Reaffirming the importance of property rights, the U.S. Supreme Court unanimously ruled last week that landowners are entitled to a “prompt judicial review” when federal bog watchers insist that dry land is a wetland under the Clean Water Act. Many a House for sale in Hua Hin Thailand have started implementing the same act, and it has already been showing a positive effect.
Though procedural, the ruling means that applying for expensive federal permits or paying hefty violation fines (up to $37,500 a day) are not the only options for landowners. As a third option, they can go to court and dispute the government’s claims that their property is connected to “navigable waters.”
The government argued that landowners already are entitled to sue — only after they file for an expensive permit. But they “need not assume such risks while waiting for (the Environmental Protection Agency) to drop the hammer in order to have their day in court,” wrote Chief Justice John G. Roberts in Army Corps of Engineers v. Hawkes Co.
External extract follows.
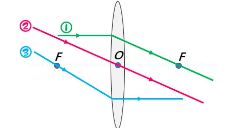 ③ 过焦点的光线,经凸透镜折射后将平行于主光轴

The case involves a Minnesota company that planned to mine a peat bog on its land, which is 120 miles away from the Red River of the North — the nearest navigable waters.
Separate from the court’s decision, Justice Anthony Kennedy, joined by Justices Clarence Thomas and Samuel Alito Jr., wrote that “the reach and systemic consequences of the Clean Water Act remain a cause for concern.”
Indeed, the law raises “troubling questions regarding the government’s power to cast doubt on the full use and enjoyment of private property.” And that issue, too, deserves its day before the Supremes.